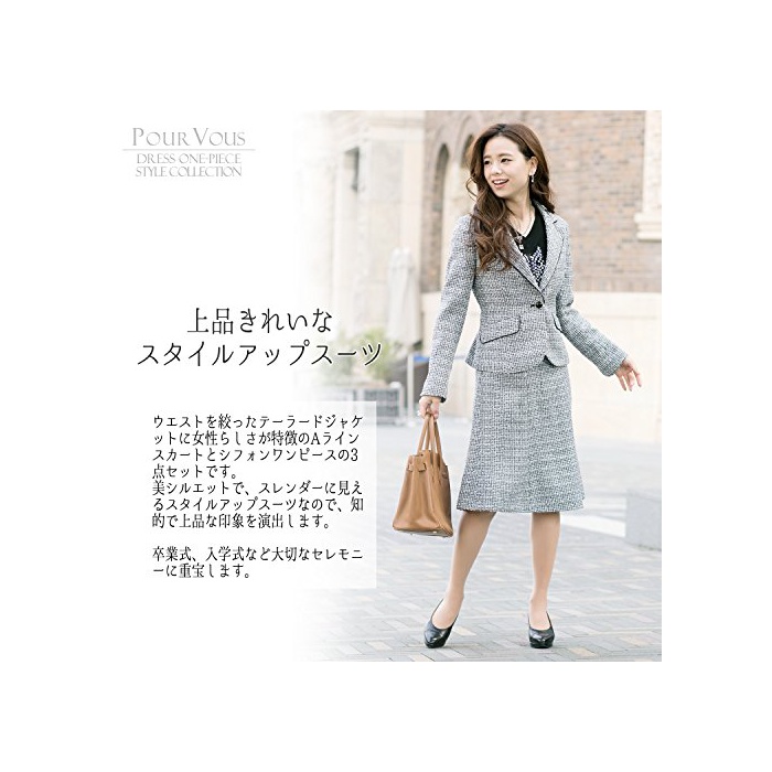 【상품 특징】웨스트를 짜낸 테일러드 쟈켓에 여성다움이 특징의 A라인 스커트와 시폰 원피스의 3점 세트입니다.
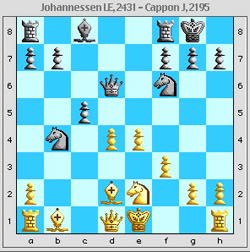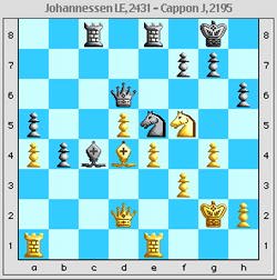 Après vacances et championnats, reprise des entrainements. Comme convenu, on a commencé l'analyse des parties de John jouées au cours du tournoi de Cappelle la Grande 2000. Aujourd'hui, c'est le match opposant le MI Johannessen (2431) à John lors de la 6°ronde.
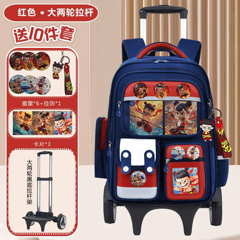 哪吒拉杆书包小学生一三六年级男孩背拉双肩包手拖包爬楼梯卡通包
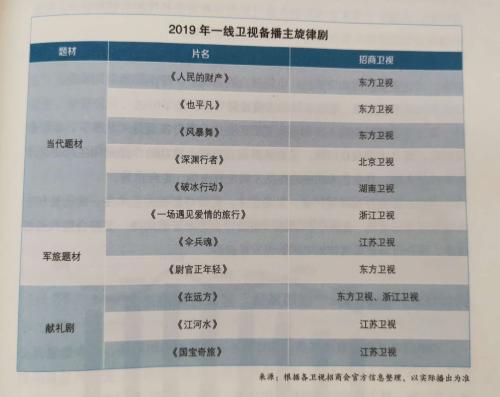 梳理幾大衛視公布的2019年片單可以發現,現實主義題材劇集基本鎖定了年度熒屏的“半壁江山”。今年主旋律劇也將成主流趨勢。例如,2019年熒屏大劇的排播中就出現了六部當代涉案劇,兩部當代軍旅題材劇,三部獻禮劇。
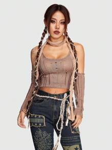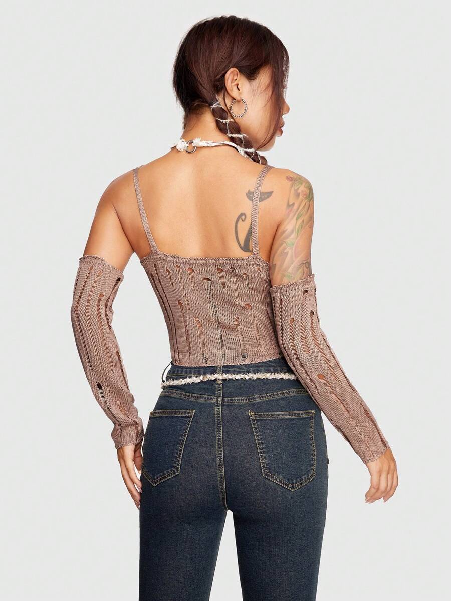 Grunge Punk Solid Ripped Crop Cami Knit Top With Arm Sleeves
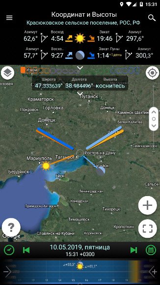 Приложение для продвинутых фотографов, которые любят путешествовать и снимать на природе. Оно позволяет определять естественные источники света в зависимости от местоположения и окружающего ландшафта. Важной особенностью программы является то, что расчет освещения осуществляется для определенных фотокамер и типов светочувствительных сенсоров. Информация о дистанции до объекта съемки и освещении выводится в активное окно, после чего на основании полученных данных фотограф может легко настроить свое фотооборудование. Положение источника света высчитывается не только на горизонтальной плоскости, но и по вертикали, и относительно горизонта.
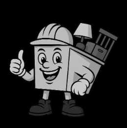 The mark consists of Yellow cartoon box character with a construction hard hat. Smiling face Thumbs up Work boots Arms and legs Carrying furniture Lamp Chair Dresser Mascot style illustration.
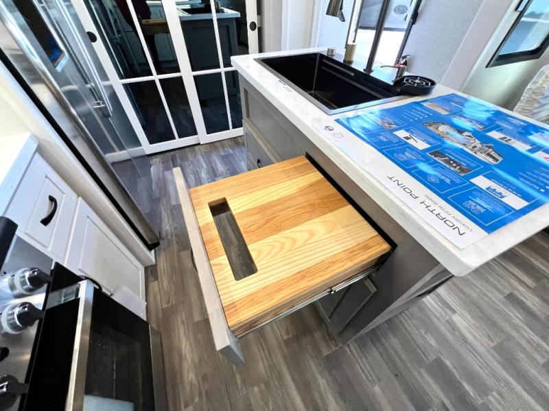 With any North Point fifth wheel by Jayco you begin with a strong foundation with a custom frame, designed and sized specifically to best support each unit. Constructed with Stronghold VBL™ aluminum framed, vacuum bond laminated walls and the Magnum Truss™ XL6™ roof system with a one-piece, seamless roof material, which is the strongest tested roof in the industry. The 5-Star Handling package is included with Uniroyal tires, a MORryde rubber pin box, Dexter axles with Nev-R-Adjust brakes, MORryde CRE-3000 rubberized suspension and wet bolt fasteners and bronze bushings. The interior has handcrafted hardwood glazed doors and drawers, vinyl flooring throughout, an integrated under-mount sink in the main bathroom, plus so much more you just have to see one to believe it all!
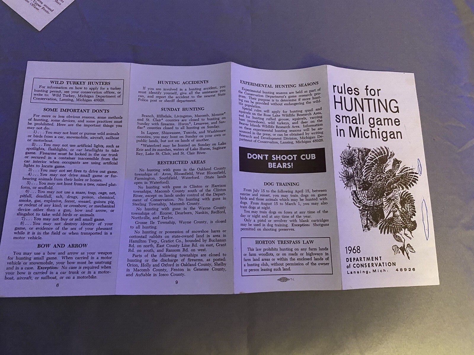 1968 Michigan Small Game and Waterfowl Hunting Rules Pamphlets DNR eBay
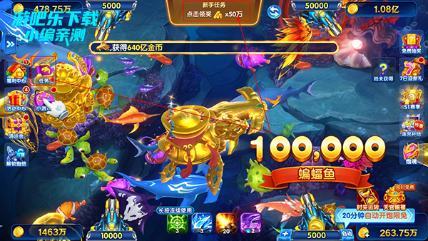 黄金捕鱼王是一款街机千炮联网捕鱼手游,深海爆金题材。主打黄金专属鱼种、高倍率炮台、全屏爆金,还原电玩城捕鱼玩法,多人联机对战。1 倍~888 倍自由调节,支持低倍稳刷、高倍爆发收割!
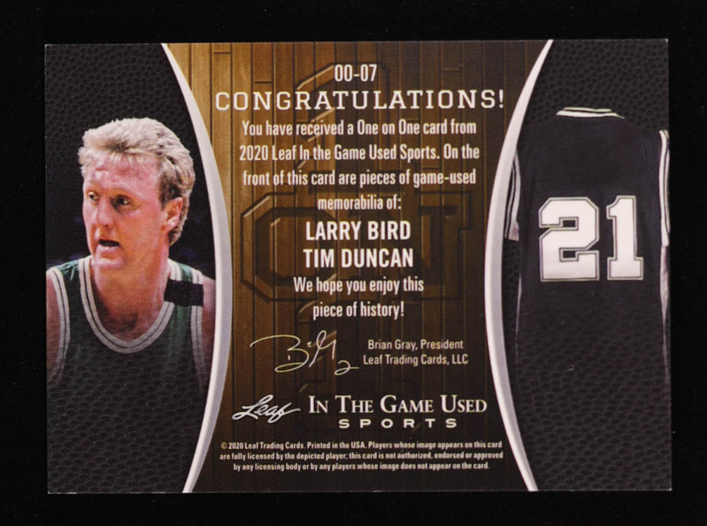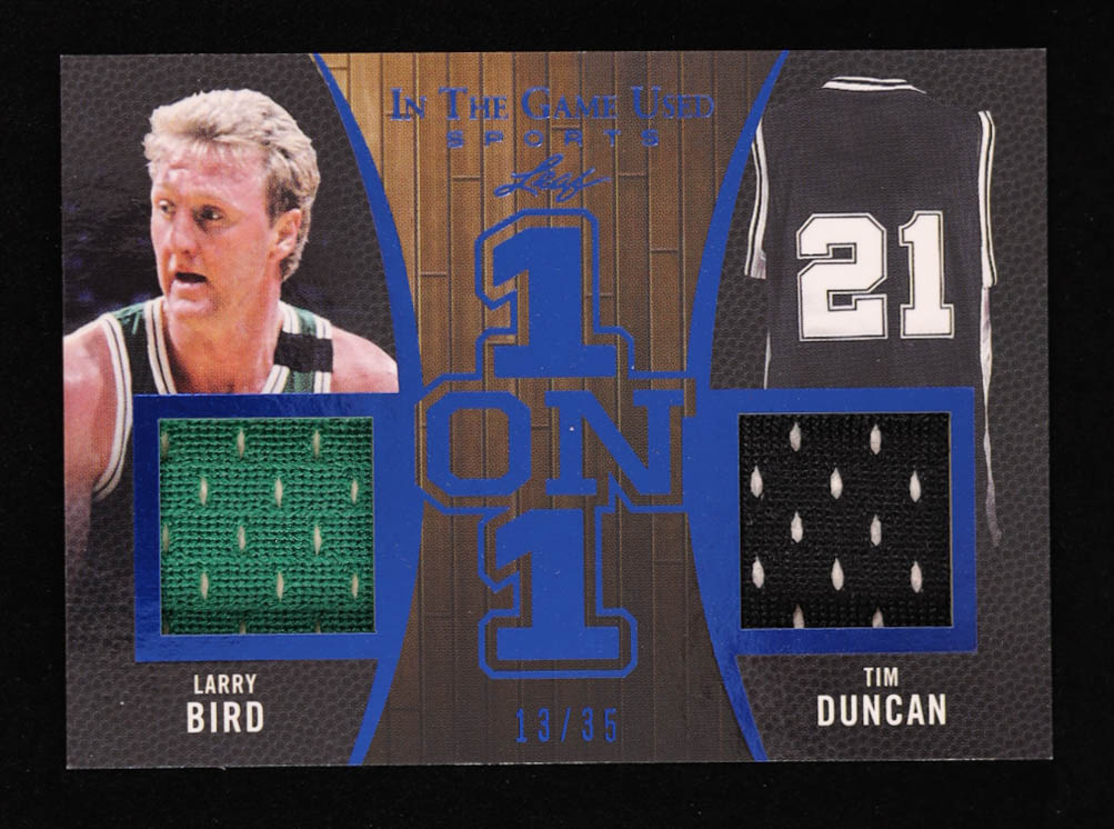 Larry Bird / Tim Duncan 2020 ITG Used Sports One on One Dual Memorabilia Navy Blue #OO07 #13/35
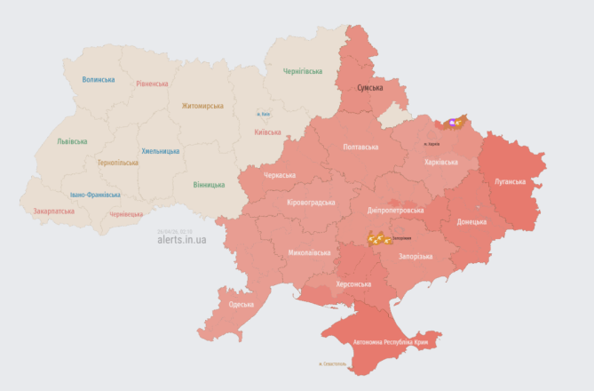 Актуальна мапа повітряних тривог станом на 02:20 / Джерело: https://alerts.in.ua/
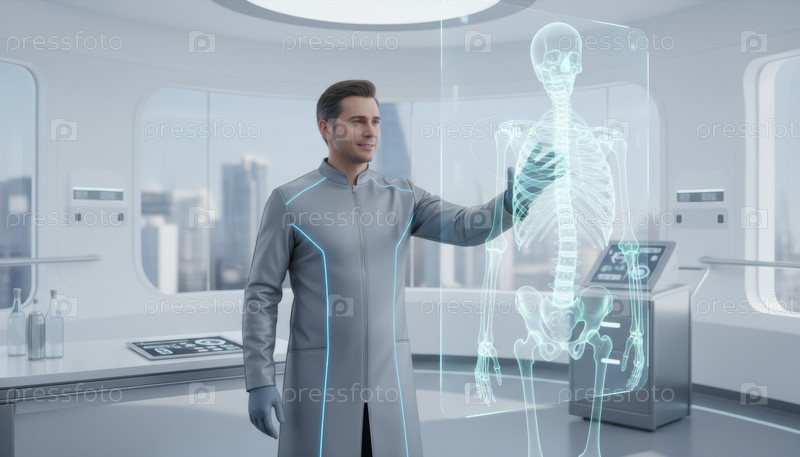 Футуристический врач взаимодействует с голографическим скелетным дисплеем, представляющим медицинские инновации, технологии здравоохранения и исследования в больницах будущего
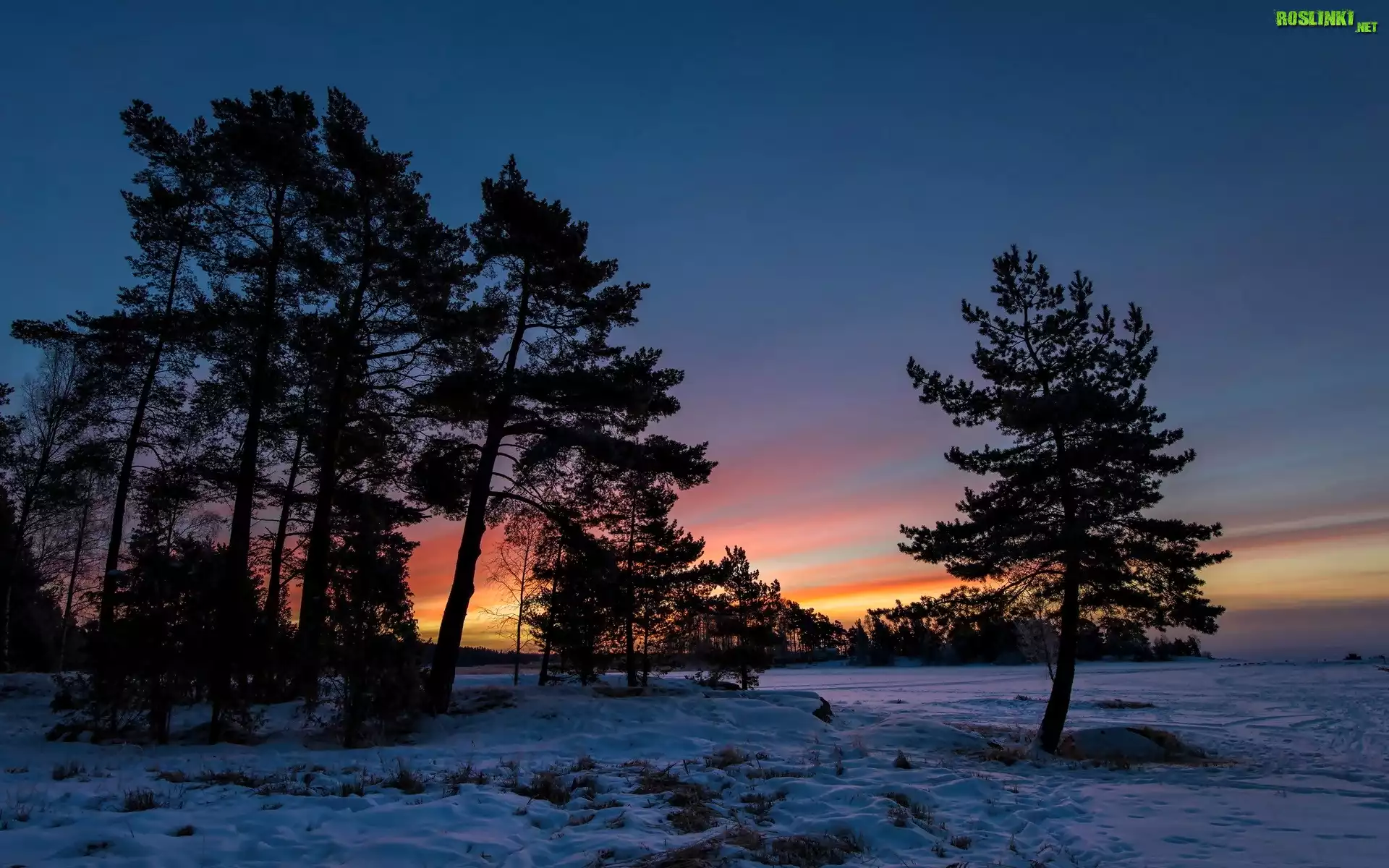 Rośliny: Zima, Zachód, Słońca, Drzewa
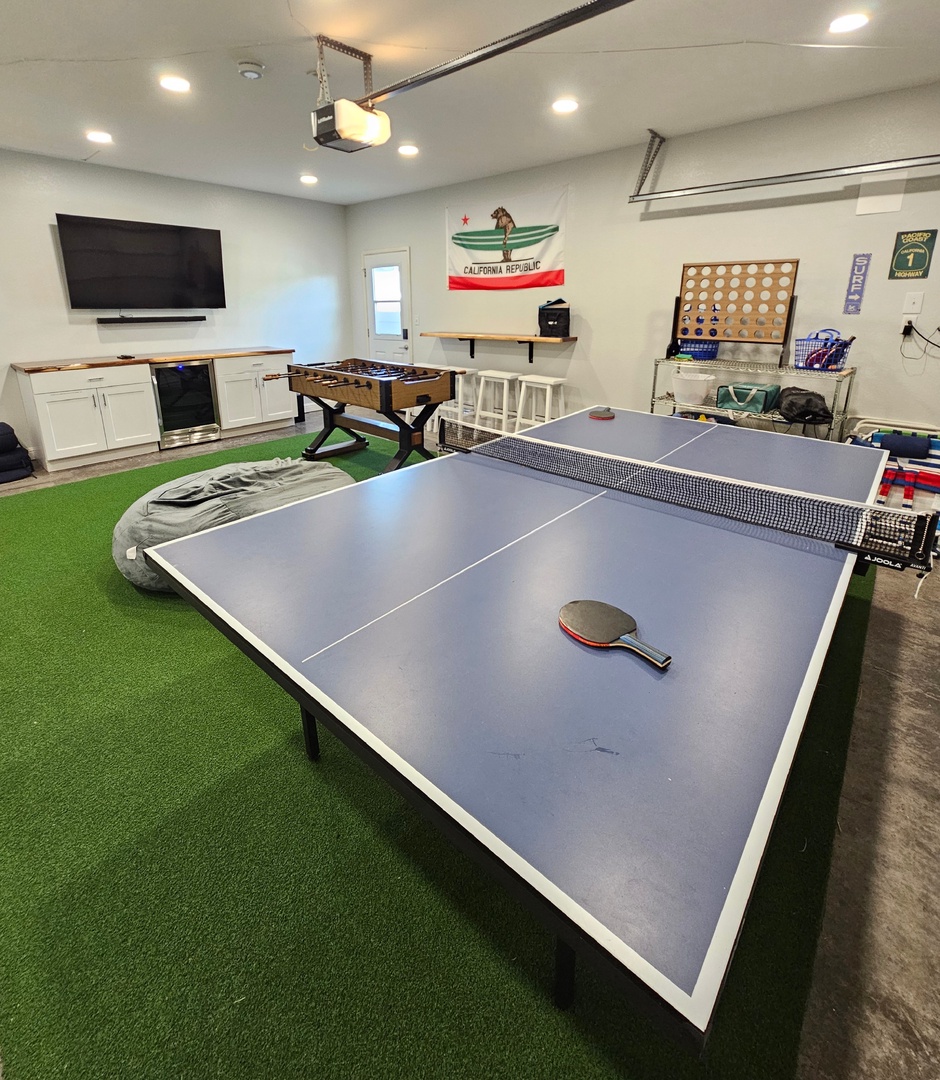 • Ping pong table located in the garage, perfect for fun and friendly competition with your group.
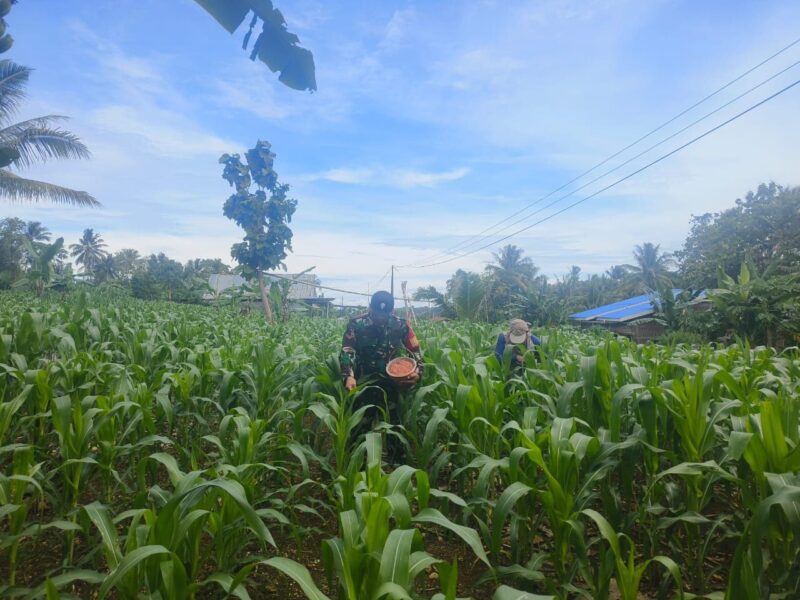 Bone – Babinsa Koramil 1407-05/Ulaweng Kopda Wahyudin dampingi petani dalam proses pemupukan tanaman jagung di Dusun Tobenteng, Desa Lili Riattang, Kec. Ulaweng, Kab. Bone. Sabtu (03/01/26).
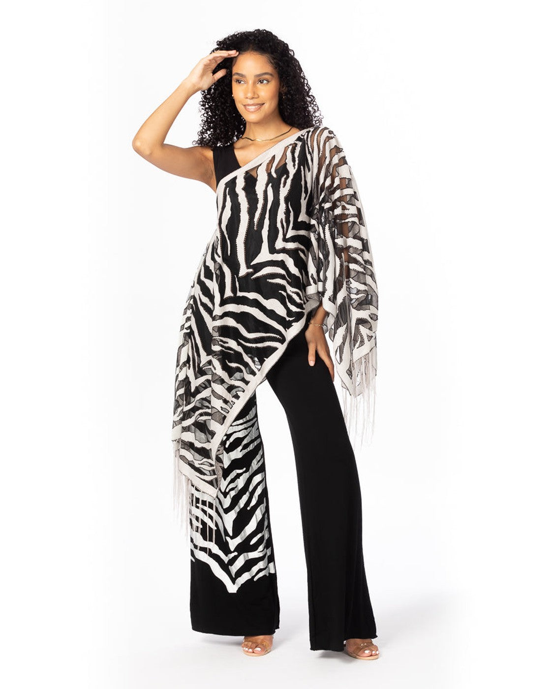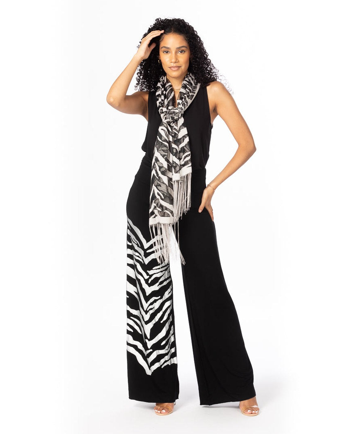El conjunto con estampado de tigre plateado: elegancia feroz de pies a cabeza. Libera tu fuerza interior con nuestra bufanda de 7 posiciones con estampado de tigre plateado y el pantalón Palazzo a juego: un dúo atrevido y sin esfuerzo diseñado para llamar la atención. La bufanda presenta un elegante estampado de tigre plateado sobre un suave negro desgastado, que combina energía feroz con sofisticación refinada. Con siete estilos, la ligera bufanda fluye maravillosamente: drapeada, envuelta, atada o llevada al hombro, lo que la convierte en un accesorio versátil para todo el año. Viene en talla única y favorece a todas las formas. El pantalón Palazzo a juego refleja el estampado con un llamativo panel vertical de patrón de tigre que cae en cascada por la pierna derecha. Diseñados con una silueta de pierna ancha para mayor comodidad y estilo, los pantalones están disponibles desde la talla pequeña hasta la extragrande, ofreciendo un ajuste perfecto para varios tipos de cuerpo. Juntos, este conjunto ofrece un estilo poderoso con facilidad, perfecto para elevar tu día a día o hacer una declaración en ocasiones especiales. Atrevido. Sofisticado. Indiscutiblemente feroz.

* * * *

> [Exercise instructions] Your copy of the records must match them exactly, except that no pictures appear in it.

> [Answer for the task]
 【상품 특징】웨스트를 짜낸 테일러드 쟈켓에 여성다움이 특징의 A라인 스커트와 시폰 원피스의 3점 세트입니다.
 Après vacances et championnats, reprise des entrainements. Comme convenu, on a commencé l'analyse des parties de John jouées au cours du tournoi de Cappelle la Grande 2000. Aujourd'hui, c'est le match opposant le MI Johannessen (2431) à John lors de la 6°ronde.
 哪吒拉杆书包小学生一三六年级男孩背拉双肩包手拖包爬楼梯卡通包
 梳理幾大衛視公布的2019年片單可以發現,現實主義題材劇集基本鎖定了年度熒屏的“半壁江山”。今年主旋律劇也將成主流趨勢。例如,2019年熒屏大劇的排播中就出現了六部當代涉案劇,兩部當代軍旅題材劇,三部獻禮劇。
 Grunge Punk Solid Ripped Crop Cami Knit Top With Arm Sleeves
 Приложение для продвинутых фотографов, которые любят путешествовать и снимать на природе. Оно позволяет определять естественные источники света в зависимости от местоположения и окружающего ландшафта. Важной особенностью программы является то, что расчет освещения осуществляется для определенных фотокамер и типов светочувствительных сенсоров. Информация о дистанции до объекта съемки и освещении выводится в активное окно, после чего на основании полученных данных фотограф может легко настроить свое фотооборудование. Положение источника света высчитывается не только на горизонтальной плоскости, но и по вертикали, и относительно горизонта.
 The mark consists of Yellow cartoon box character with a construction hard hat. Smiling face Thumbs up Work boots Arms and legs Carrying furniture Lamp Chair Dresser Mascot style illustration.
 With any North Point fifth wheel by Jayco you begin with a strong foundation with a custom frame, designed and sized specifically to best support each unit. Constructed with Stronghold VBL™ aluminum framed, vacuum bond laminated walls and the Magnum Truss™ XL6™ roof system with a one-piece, seamless roof material, which is the strongest tested roof in the industry. The 5-Star Handling package is included with Uniroyal tires, a MORryde rubber pin box, Dexter axles with Nev-R-Adjust brakes, MORryde CRE-3000 rubberized suspension and wet bolt fasteners and bronze bushings. The interior has handcrafted hardwood glazed doors and drawers, vinyl flooring throughout, an integrated under-mount sink in the main bathroom, plus so much more you just have to see one to believe it all!
 1968 Michigan Small Game and Waterfowl Hunting Rules Pamphlets DNR eBay
 黄金捕鱼王是一款街机千炮联网捕鱼手游,深海爆金题材。主打黄金专属鱼种、高倍率炮台、全屏爆金,还原电玩城捕鱼玩法,多人联机对战。1 倍~888 倍自由调节,支持低倍稳刷、高倍爆发收割!
 Larry Bird / Tim Duncan 2020 ITG Used Sports One on One Dual Memorabilia Navy Blue #OO07 #13/35
 Актуальна мапа повітряних тривог станом на 02:20 / Джерело: https://alerts.in.ua/
 Футуристический врач взаимодействует с голографическим скелетным дисплеем, представляющим медицинские инновации, технологии здравоохранения и исследования в больницах будущего
 Rośliny: Zima, Zachód, Słońca, Drzewa
 • Ping pong table located in the garage, perfect for fun and friendly competition with your group.
 Bone – Babinsa Koramil 1407-05/Ulaweng Kopda Wahyudin dampingi petani dalam proses pemupukan tanaman jagung di Dusun Tobenteng, Desa Lili Riattang, Kec. Ulaweng, Kab. Bone. Sabtu (03/01/26).
El conjunto con estampado de tigre plateado: elegancia feroz de pies a cabeza. Libera tu fuerza interior con nuestra bufanda de 7 posiciones con estampado de tigre plateado y el pantalón Palazzo a juego: un dúo atrevido y sin esfuerzo diseñado para llamar la atención. La bufanda presenta un elegante estampado de tigre plateado sobre un suave negro desgastado, que combina energía feroz con sofisticación refinada. Con siete estilos, la ligera bufanda fluye maravillosamente: drapeada, envuelta, atada o llevada al hombro, lo que la convierte en un accesorio versátil para todo el año. Viene en talla única y favorece a todas las formas. El pantalón Palazzo a juego refleja el estampado con un llamativo panel vertical de patrón de tigre que cae en cascada por la pierna derecha. Diseñados con una silueta de pierna ancha para mayor comodidad y estilo, los pantalones están disponibles desde la talla pequeña hasta la extragrande, ofreciendo un ajuste perfecto para varios tipos de cuerpo. Juntos, este conjunto ofrece un estilo poderoso con facilidad, perfecto para elevar tu día a día o hacer una declaración en ocasiones especiales. Atrevido. Sofisticado. Indiscutiblemente feroz.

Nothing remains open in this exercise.